Monday, February 05, 2007

We are wasting time, energy and trillions of dollars while creating unnecessary fear and consternation over an issue with no scientific justification.

So says Timothy Ball, chairman of the Natural Resources Stewardship Project, about global warming.

No sensible person seeks conflict, especially with governments, but if we don't pursue the truth, we are lost as individuals and as a society. That is why I insist on saying that there is no evidence that we are, or could ever cause global climate change. And, recently, Yuri A. Izrael, Vice President of the United Nations sponsored Intergovernmental Panel on Climate Change (IPCC) confirmed this statement. So how has the world come to believe that something is wrong?

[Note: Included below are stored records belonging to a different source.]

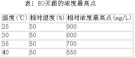 表1 EO滅菌的濃度**高點(diǎn)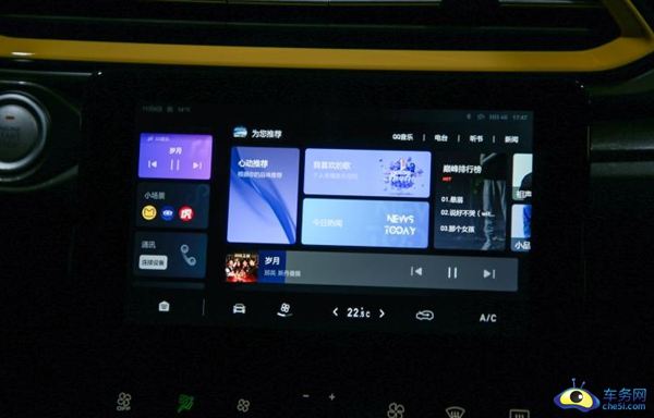 内饰方面,新车中控区域比较简洁,大多数功能都集中在了9英寸的中控屏幕上,下方仅留下空调系统的实体按键,原本的中控系统按键则被放在挡杆后方。配置方面,新车增加了Fun-Life智能网联系统,并内置了车载微信功能,可以通过专属的微信按键控制界面并接收/发送信息。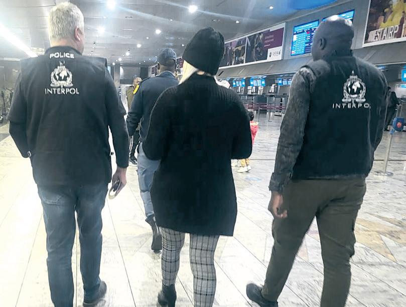 by Interpol officers to the OR Tambo International Airport in Johannesburg where she was led onto a British Airways Airbus A380-800 for the flight to London Heathrow.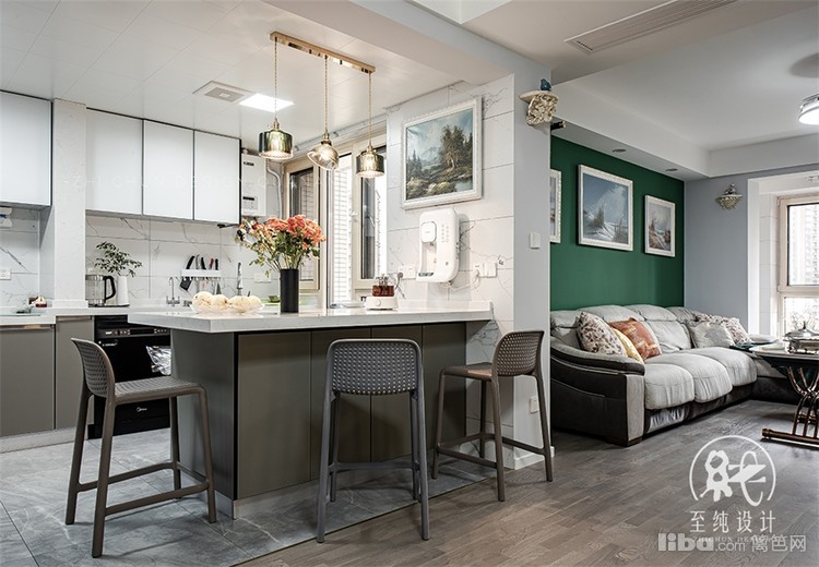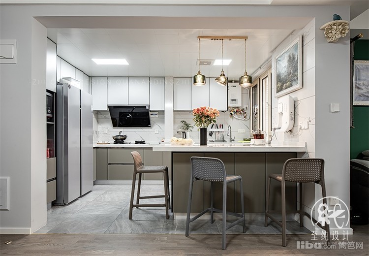 原有的餐厅区域想空出来给小孩作为玩乐区域,所以就把现在的中岛做成了既可以做岛台,也可以兼顾平时吃饭的功能性桌,实用方便,视觉上也增加了进门的衍生感。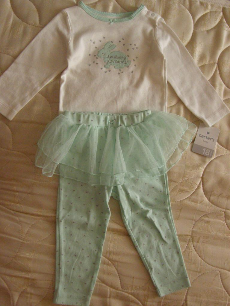 Продам костюмчик Carter's на 18 мес, новый с бирками 150 грн, длина бодика 45 см, длина штанишек 44 см. Цвет мятный, сердечки блестят. Очень красивый.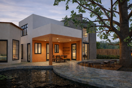 El proyecto gira alrededor de un arbol que se encuentra en el centro del terreno y nos permite conectar de forma constante con la naturaleza, al no contar con servicios el proyecto prevee la reutilización del agua, captación de agua de lluvia y paneles solares.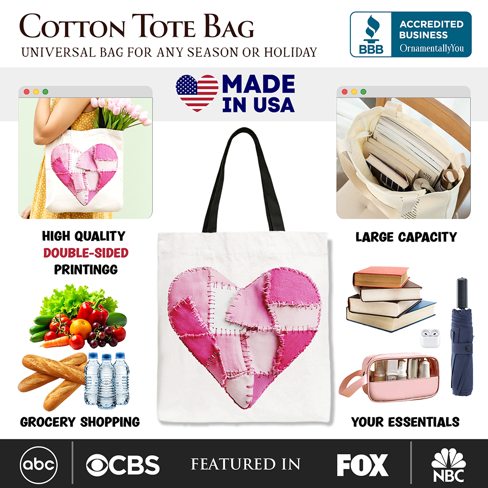This patchwork-like design pink heart canvas tote bag blends vintage Valentine charm with modern coquette aesthetics, making it a standout accessory for everyday use or thoughtful gifting 💕 Crafted from durable canvas, this reusable tote features an all-over love print with soft pink tones that pair beautifully with romantic, cottagecore, and feminine styles 🌸 Ideal as a Valentine gift bag, aesthetic shopping tote, or daily carryall, it offers both functionality and timeless appeal for fans of vintage-inspired fashion, heart motifs, and eco-friendly bags 💖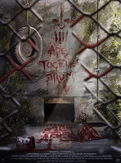 En este caso, el afiche de cine original tiene un problema grave: sobrepoblación. Está bien, puedes tener simios a caballo, también puedes tener simios con espadas, M-16 o incluso con lanza misiles, y por qué no, simios quemando el Golden Gate y colgando de los cables en llamas, ¿pero todos juntos?, es como esta oración, sin ningún punto que separe las ideas, apenas unas comas todas tacañas y un par de signos de interrogación, y por lo tanto, es una agotadora frase para leer. En su contraparte, el fanArt es simple, claro y realmente amenazador. ¿Está escrito con sangre humana? ¿Es una amenaza? ¿Dónde están los simios?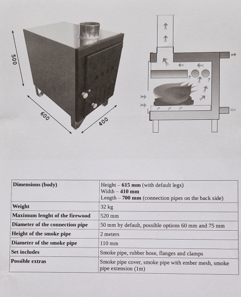 35kw Kamina toimitussisältö: mitat leveys 400mm,korkeus 500mm,syvyys 600mm.paino 32kg.2M Piippu (halkaisija 110mm)Liitoskappaleet tynnyriin 50mm 2kpl.Vaihoehtoisesti tilattaessa 60mm tai 75mm.Hinta 649€.

Maybe for the same reason we believed, 30 years ago, that global cooling was the biggest threat: a matter of faith. "It is a cold fact: the Global Cooling presents humankind with the most important social, political, and adaptive challenge we have had to deal with for ten thousand years. Your stake in the decisions we make concerning it is of ultimate importance; the survival of ourselves, our children, our species," wrote Lowell Ponte in 1976.

Ball points out that he's already lived through two climate cycles: a cooling cycle from 1940 to 1980, and a warming cycle from 1980 to the present. He also says that it appears we are heading into a cooling cycle again.
A scientist makes certain assumptions and then produces a theory which is only as valid as the assumptions. The theory of Global Warming assumes that CO2 is an atmospheric greenhouse gas and as it increases temperatures rise. It was then theorized that since humans were producing more CO2 than before, the temperature would inevitably rise. The theory was accepted before testing had started, and effectively became a law.

As (Richard) Lindzen (atmospheric physicist and a professor of meteorology at MIT) said many years ago: "the consensus was reached before the research had even begun." Now, any scientist who dares to question the prevailing wisdom is marginalized and called a sceptic, when in fact they are simply being good scientists. This has reached frightening levels with these scientists now being called climate change denier with all the holocaust connotations of that word. The normal scientific method is effectively being thwarted.

The agenda is driven by governments looking for particular answers and by extremist groups.